═════ DATA SHOWN

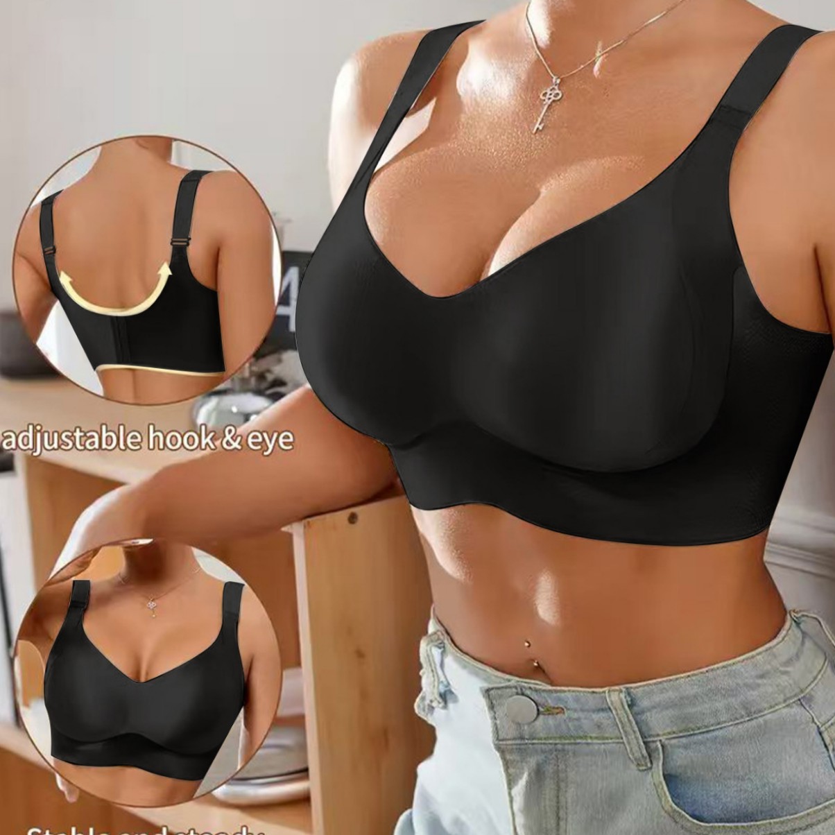 女士胸罩缎面美胸无痕文胸无钢圈带胸垫全覆盖可调节日常休闲
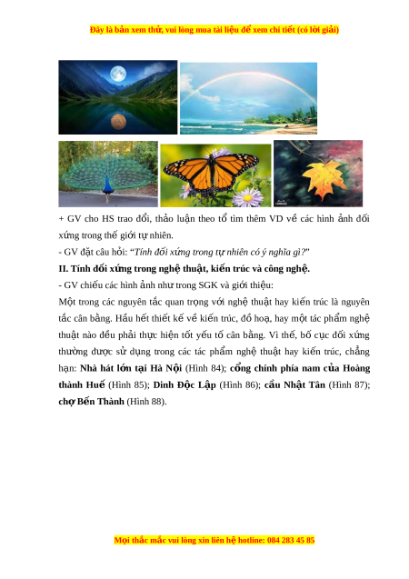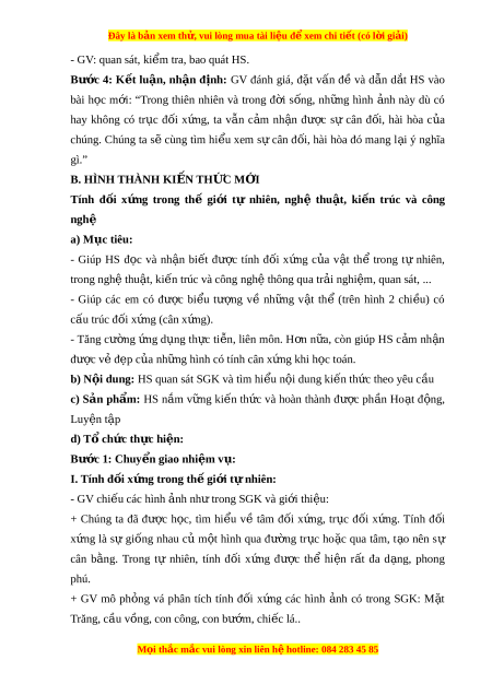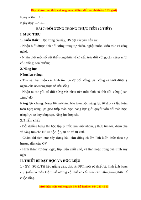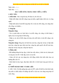 Đây là bản xem th , vu ử i lòng mua tài li u ệ đ xe ể m chi ti t ế (có l i ờ gi i ả ) Ngày so n: ạ .../.../... Ngày d y: ạ .../.../... BÀI 7: Đ I Ố X N Ứ G TRONG TH C Ự TI N Ễ ( 2 TI T Ế ) I. M C Ụ TIÊU: 1. Ki n t ế h c ứ : H c ọ xong bài này, HS đ t ạ các yêu c u s ầ au: - Nh n ậ bi t ế đư c ợ tính đ i ố x ng ứ trong tự nhiên, ngh ệ thu t ậ , ki n ế trúc và công nghệ. - Nh n ậ bi t ế m t ộ số v t ậ th ể trong th c ự t ế có c u ấ trúc đ i ố x ng, ứ cân x ng ứ nh : ư cầu vồng; con bư m ớ ; ... 2. Năng l c ự Năng l c ự riêng: - Tìm và phát hi n ệ các hình nh ả có sự đ i ố x ng, ứ cân x ng ứ và bi t ế đư c ợ ý nghĩa c a nó t ủ rong th c t ự đ ế i ờ sống. - Nh n ậ ra các y u ế tố đ i ố x ng ứ v i ớ nhau trên m i ỗ hình có tính đ i ố x ng ứ ( cân x ng) ứ đó. Năng l c ự chung: Năng l c ự mô hình hóa toán h c, ọ năng l c ự t ư duy và l p ậ lu n ậ toán h c; ọ năng l c ự giao ti p ế toán h c; ọ năng l c ự gi i ả quy t ế v n ấ đề toán h c, ọ năng l c t ự duy s ư áng t o, năng ạ l c h ự p t ợ ác. 3. Ph m ẩ chất - Bồi dư ng ỡ h ng t ứ hú h c t ọ p, ậ ý th c l ứ àm vi c nhóm ệ , ý th c t ứ ìm tòi, khám phá và sáng t o cho H ạ S ⇒ đ c l ộ p, ậ t t ự in và t ch ự . ủ - Chăm chỉ tích c c ự xây d ng ự bài, chủ đ ng ộ chi m ế lĩnh ki n ế th c ứ theo sự hư ng d ớ ẫn c a G ủ V.
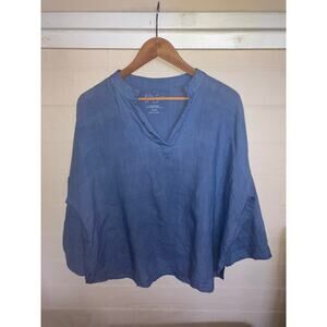 KYLA SEO 100% Linen Popover Top Blouse Blue Size Large L HANDMADE BOXY LAGENLOOK
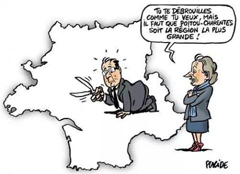 La réforme territoriale tombe toute ficelée d’en haut : Hollande et Valls ont déjà décidé du nouveau découpage des régions, sans demander leur avis aux habitants. On ne comprend pas vraiment ce qui a poussé à regrouper ensemble le Limousin, le Poitou-Charentes et le Centre, et le gouvernement ne semble même pas tenu de donner des raisons. Il semble que, jusqu’à la dernière minute, Hollande se soit laissé influencé par les coups de pression de tel ou tel député ou président de région : au final, cela donne une nouvelle carte totalement éclectique, sans cohérence apparente.

══════════

WORK INSTRUCTIONS. Write every line of the data out again exactly, leaving out all images.

COMPLETED TASK.
 女士胸罩缎面美胸无痕文胸无钢圈带胸垫全覆盖可调节日常休闲
 Đây là bản xem th , vu ử i lòng mua tài li u ệ đ xe ể m chi ti t ế (có l i ờ gi i ả ) Ngày so n: ạ .../.../... Ngày d y: ạ .../.../... BÀI 7: Đ I Ố X N Ứ G TRONG TH C Ự TI N Ễ ( 2 TI T Ế ) I. M C Ụ TIÊU: 1. Ki n t ế h c ứ : H c ọ xong bài này, HS đ t ạ các yêu c u s ầ au: - Nh n ậ bi t ế đư c ợ tính đ i ố x ng ứ trong tự nhiên, ngh ệ thu t ậ , ki n ế trúc và công nghệ. - Nh n ậ bi t ế m t ộ số v t ậ th ể trong th c ự t ế có c u ấ trúc đ i ố x ng, ứ cân x ng ứ nh : ư cầu vồng; con bư m ớ ; ... 2. Năng l c ự Năng l c ự riêng: - Tìm và phát hi n ệ các hình nh ả có sự đ i ố x ng, ứ cân x ng ứ và bi t ế đư c ợ ý nghĩa c a nó t ủ rong th c t ự đ ế i ờ sống. - Nh n ậ ra các y u ế tố đ i ố x ng ứ v i ớ nhau trên m i ỗ hình có tính đ i ố x ng ứ ( cân x ng) ứ đó. Năng l c ự chung: Năng l c ự mô hình hóa toán h c, ọ năng l c ự t ư duy và l p ậ lu n ậ toán h c; ọ năng l c ự giao ti p ế toán h c; ọ năng l c ự gi i ả quy t ế v n ấ đề toán h c, ọ năng l c t ự duy s ư áng t o, năng ạ l c h ự p t ợ ác. 3. Ph m ẩ chất - Bồi dư ng ỡ h ng t ứ hú h c t ọ p, ậ ý th c l ứ àm vi c nhóm ệ , ý th c t ứ ìm tòi, khám phá và sáng t o cho H ạ S ⇒ đ c l ộ p, ậ t t ự in và t ch ự . ủ - Chăm chỉ tích c c ự xây d ng ự bài, chủ đ ng ộ chi m ế lĩnh ki n ế th c ứ theo sự hư ng d ớ ẫn c a G ủ V.
 KYLA SEO 100% Linen Popover Top Blouse Blue Size Large L HANDMADE BOXY LAGENLOOK
 La réforme territoriale tombe toute ficelée d’en haut : Hollande et Valls ont déjà décidé du nouveau découpage des régions, sans demander leur avis aux habitants. On ne comprend pas vraiment ce qui a poussé à regrouper ensemble le Limousin, le Poitou-Charentes et le Centre, et le gouvernement ne semble même pas tenu de donner des raisons. Il semble que, jusqu’à la dernière minute, Hollande se soit laissé influencé par les coups de pression de tel ou tel député ou président de région : au final, cela donne une nouvelle carte totalement éclectique, sans cohérence apparente.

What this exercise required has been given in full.